# Looking for a new home in Canada



## pisces1971 (Dec 6, 2007)

Hello,

I currently live in the United States and am looking to move to Canada. I was planning on moving east of Ontario(although am open to suggestions) especially more of the maritime provinces. I am looking for a place with a lower cost of living and decent job opportunities. Any suggestions? I have briefly looked at Halifax Nova Scotia, Saint Johns NB, Charlottetown PEI, but have yet to check out Newfoundland. 

Any help would be appreciated.

Thanks


----------



## tinamarie27 (Dec 6, 2007)

I am looking for the same so if you find out anything please share!
tina


----------



## CanadianGal (Dec 7, 2007)

I would not consider NFLD- as much as my Newfy friends would hate it they would agree.
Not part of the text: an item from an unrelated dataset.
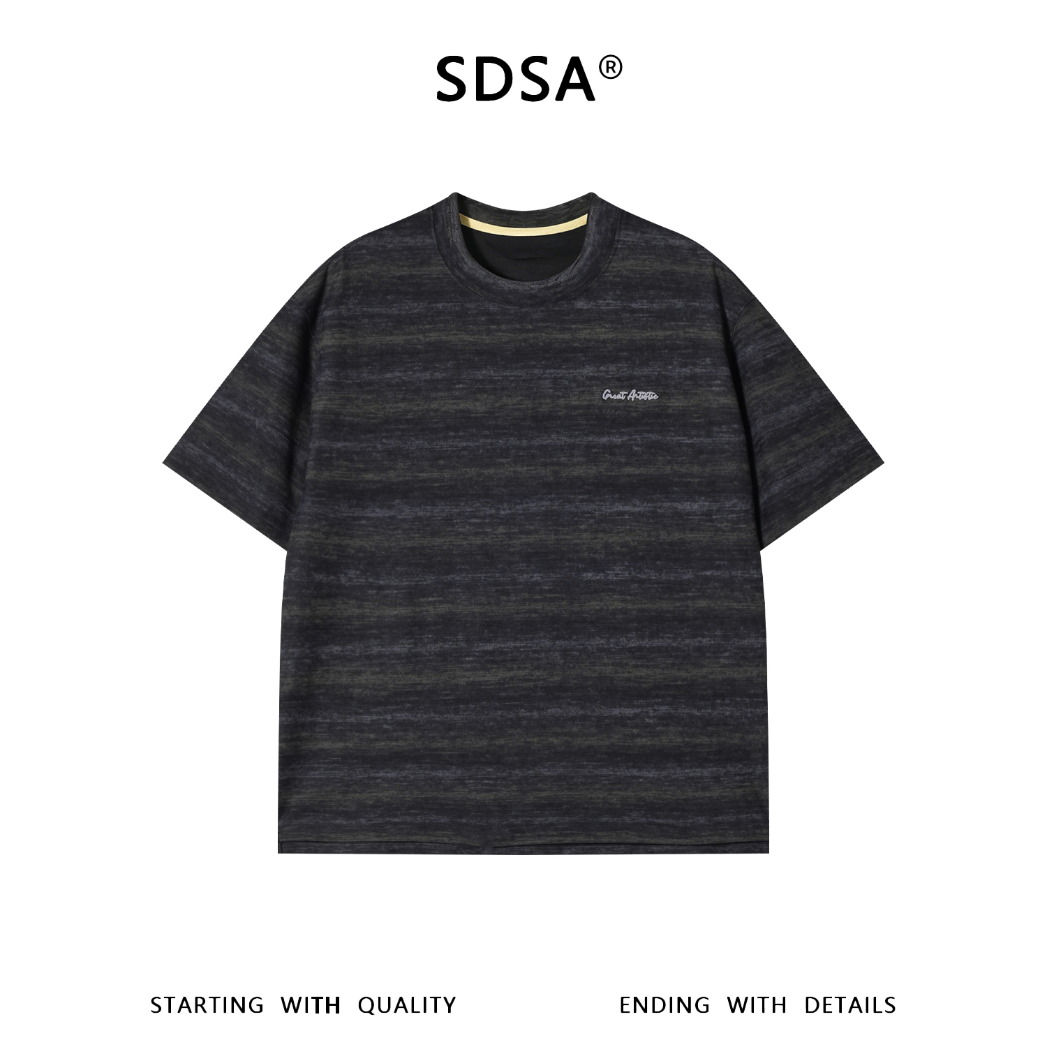 SDSA男装2026新款高贵轻奢韩系扎染条纹刺绣字母圆领短袖T恤百搭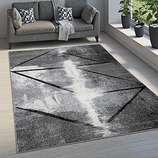 Paco Home Tapis De Salon Vintage Poils Ras Effet 3D Motif Géométrique Moderne Gris, Dimension:120x170 cm

It has rugged beauty, harsh winters, you can't understand much said, although the people are very warm and friendly. I am serious-sometimes we don't understand a darn word they say. They have a lovely and confusing lingo of their own with an accent that is endearing, but leaves a person utterly lost in a conversation!. Mainly though, most Newfies have to leave the province to get good jobs. It is a poorer province but in the future that may change with offshore oil etc. For opportunity Newfies leave their home for Ontario and Alberta and B.C. But every single one of them loves their province and misses it dearly. I mean they get misty eyed. ALL OF THEM! They plan to retire back home where homes are dead-give it away cheap (lack of work) but everything else is expensive(gas and groceries).
A greater bunch of salt of the earth folk you'll never meet.


----------